We build the same architecture in PyTorch:
- 2 hidden sigmoid layers
- no bias terms (`bias=False`)
- 2 output logits

Then we train with SGD and evaluate precision/recall/F1 the same way.

> PyTorch’s `CrossEntropyLoss` expects **logits**, not probabilities, so we do **not** apply softmax in the forward pass.


In [None]:

import torch
import torch.nn as nn
import torch.optim as optim

# Keep everything in float64 to match NumPy more closely (optional)
torch.set_default_dtype(torch.float64)

class TorchTwoHidden(nn.Module):
    def __init__(self, d_in=2, h1=3, h2=3, d_out=2):
        super().__init__()
        self.fc1 = nn.Linear(d_in, h1, bias=False)
        self.fc2 = nn.Linear(h1, h2, bias=False)
        self.fc3 = nn.Linear(h2, d_out, bias=False)
        self.sigmoid = nn.Sigmoid()

    def forward(self, x):
        x = self.sigmoid(self.fc1(x))
        x = self.sigmoid(self.fc2(x))
        logits = self.fc3(x)
        return logits

# Tensors
Xtr_t = torch.from_numpy(X_train)
ytr_t = torch.from_numpy(y_train.astype(np.int64))
Xte_t = torch.from_numpy(X_test)
yte_t = torch.from_numpy(y_test.astype(np.int64))

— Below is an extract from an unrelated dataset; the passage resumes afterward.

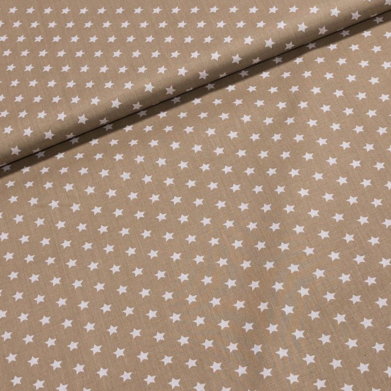 Bavlněná látka (tkanina) s motivem bílých hvězdiček na béžovém podkladě. Látka je v šířce 140 cm, vyrobena ze 100% bavlny (gramáž 135g/m2) v plátnové vazbě. Vzor látky je natištěn jen z jedné strany z druhé strany je látka bez potisku.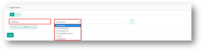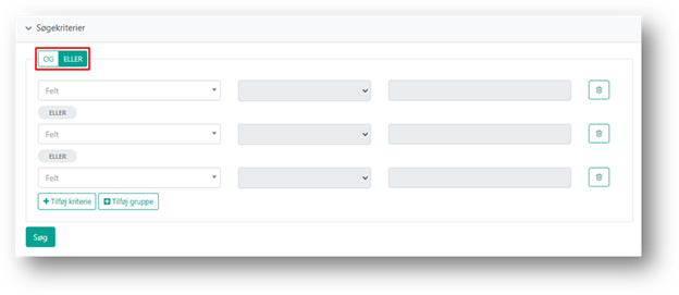 Du tilføjer et søgekriterie ved at klikke på . Herefter vælger du hvilket felt kriteriet

torch_model = TorchTwoHidden(h1=h1, h2=h2)
criterion = nn.CrossEntropyLoss()
optimizer = optim.SGD(torch_model.parameters(), lr=lr)

torch_losses = []
n = X_train.shape[0]

for ep in range(epochs):
    perm = torch.randperm(n)
    for i in perm:
        xi = Xtr_t[i:i+1]
        yi = ytr_t[i:i+1]

        optimizer.zero_grad()
        logits = torch_model(xi)
        loss = criterion(logits, yi)
        loss.backward()
        optimizer.step()

        torch_losses.append(loss.item())

    if (ep + 1) % max(1, epochs // 5) == 0:
        with torch.no_grad():
            pred_train = torch.argmax(torch_model(Xtr_t), dim=1)
            acc = (pred_train == ytr_t).double().mean().item()
        print(f"epoch {ep+1:3d}/{epochs} | last_step_loss={torch_losses[-1]:.4f} | train_acc={acc:.3f}")

plt.figure()
plt.plot(torch_losses)
plt.title("PyTorch SGD training loss (per step)")
plt.xlabel("SGD step")
plt.ylabel("Cross-entropy loss")
plt.show()

with torch.no_grad():
    yhat_test_torch = torch.argmax(torch_model(Xte_t), dim=1).cpu().numpy()

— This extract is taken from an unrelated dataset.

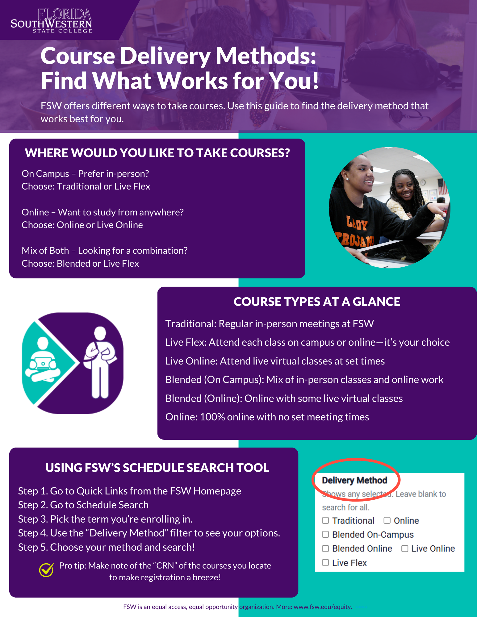 At FSW Online Learning, we offer a range of flexible course offerings designed to meet your individual needs and help you achieve your academic goals.

prec_t, rec_t, f1_t = eval_macro_metrics(y_test, yhat_test_torch)

print("PyTorch metrics on test (macro avg):")
print(" precision:", prec_t)
print(" recall   :", rec_t)
print(" f1       :", f1_t)
print("confusion matrix:\n", confusion_matrix(y_test, yhat_test_torch))

vals, counts = np.unique(yhat_test_torch, return_counts=True)
print("predicted class counts:", dict(zip(vals, counts)))



## 8) Side-by-side comparison

This is the table you can paste into your homework write-up.


In [None]:

results = pd.DataFrame([
    {"model": "from_scratch_numpy", "precision": prec_s, "recall": rec_s, "f1": f1_s},
    {"model": "pytorch_framework",  "precision": prec_t, "recall": rec_t, "f1": f1_t},
])
results



## 9) Final weights (scratch model)

The homework asks you to report the final weights.


In [None]:

final_weights_scratch



## Question to Consider

If PyTorch does better than scratch, list two reasons besides “PyTorch is better.”